We decided to pay a visit to the Sarajevo Pivo Brewery, located on the south side of the river, not too far away. It had a museum too, so we decided it was worth our while. We crossed the river, admiring the town hall building once more, when I stumbled upon a street sign on a building that we were approaching. Below it was another sign with some explanatory text. The two newer signs were on the opposite side of a window to an older one. The newer street sign indicated the road to be called Ulica Obala Isa-Bega Ishakovica, named after the city’s founder. The older one was called Obala Pariske Komune, named to mark the 1871 revolutionary, socialist government in Paris. What the explanatory sign detailed was the history of name changing on this particular street. The Paris Commune connection is an obvious post WWII change. The newer name is a reflection of the Ottoman heritage that present day Bosniaks hold as part of their identity.

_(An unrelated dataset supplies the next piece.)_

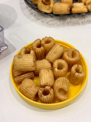 Descrição: Deliciosas e crocantes bolachas de arroz frito, perfeitas para lanches.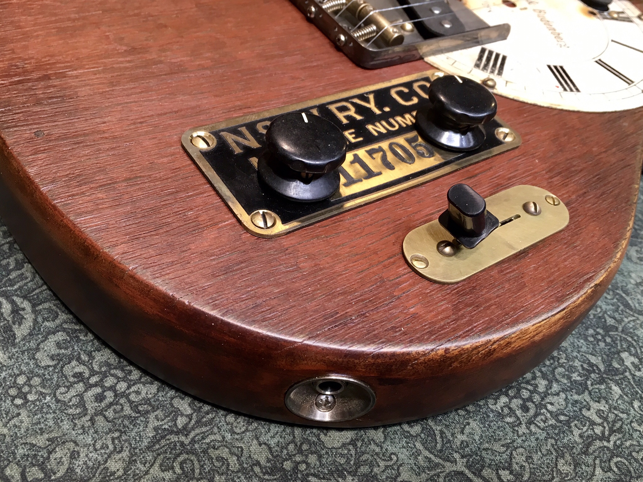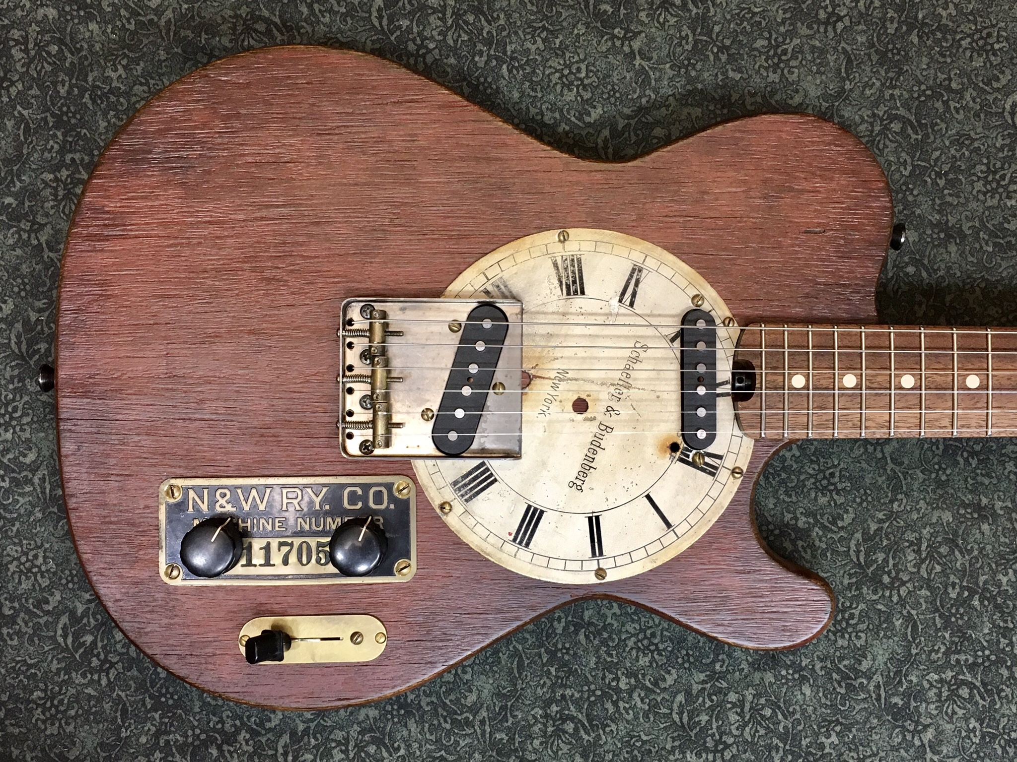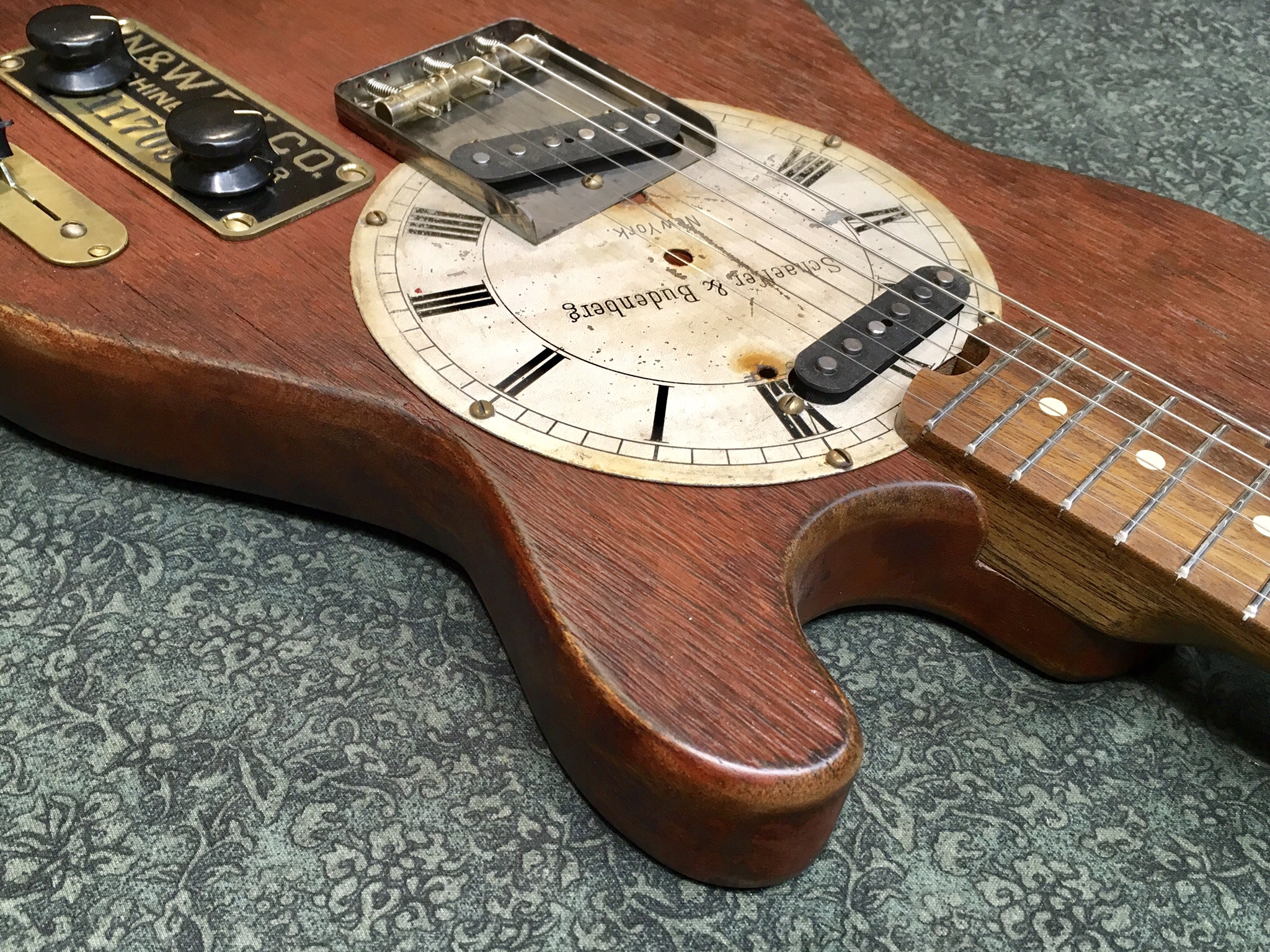 Pickguard is made from an antique clock pan, and control plate from a brass machine plate.

The whole issue of naming and re-naming is fascinating, and has been the site of common ideological and national struggles in South East Europe, particularly in the post-Communist era. The symbolic power that naming has, is a reflection of those who are in dominating positions at any one time. When you move beyond street names that come from geographic, topographical or commercial markers, such as Mostar Road, Mountain View, Copper Tin Alley for example; the act of naming then becomes political. This street in Ottoman times was named after two trades that existed on this side of the river when expansion of the city came along. When the Austro-Hungarians decided to regulate the river and create an embankment, they renamed it Careva Street, Careva being ‘Emperor’ in an obvious nod to their Monarch. In 1914, for 5 years, it was named after a sultan before returning to Careva Street then changing to Careva Obala, obala being ‘left bank’. It then changed to Francuska (French) Obala in 1927, then during a period of 4 years under the occupation of the Independent State of Croatia it held a different name before becoming Obala Pariske Komune. It changed to its current name in 1993. One can draw from this, that the last renaming was the attempt of Bosniak officials to lay down a marker that Sarajevo is a Muslim, Bosniak city, with a heritage that rests largely on its proud Ottoman history that will not be erased even when under siege.


We moved on and took a street that climbed up the hillside from the river. I noticed a number of Serbian registered cars here, so was unsure if this was a predominantly Serb area. We then reached the brewery. It was a dominant terracotta-bricked, gothic-styled building that seemed sort of out of place here and rather Bavarian. We passed the goods entrance and noticed a sign for the museum. We went in and noticed that it was literally a room that was 8 meters by 8 meters. The girl on reception said that we could pay something like £2 for the museum, or £3 for the museum and a free drink at the pub. We opted for the latter ticket. So we looked at the brewery themed objects on display and read a bit about the history. I noticed one piece that mentioned that this brewery had a connection with one in Petrovaradin Fortress in Novi Sad. What a coincidence.

We soon left and went to the pub. It was actually very impressive and very spacious. It almost had the style of a very well done Wetherspoons with added Germanic flair. Wood paneling dominated the décor; with a traditional bar almost spanning the whole left side of the pub. You also had a balconied area. We were only amongst a handful of patrons. Obviously too early for most, but I did notice that they had entertainment on at a more modest time of 8pm. We grabbed a seat and claimed our first pivo, fresh from the factory (or one would imagine). Having enjoyed the taste, we paid for another round before leaving.


We descended the hill back into the old town and ate somewhere non-descript. After that we attempted to find one of 3 places we believed to be LGBT friendly venues. After lurking around near the Orthodox Church and canton buildings, we gave up and returned to the B&B. Better that we didn’t drink any more, as we would be driving the next day.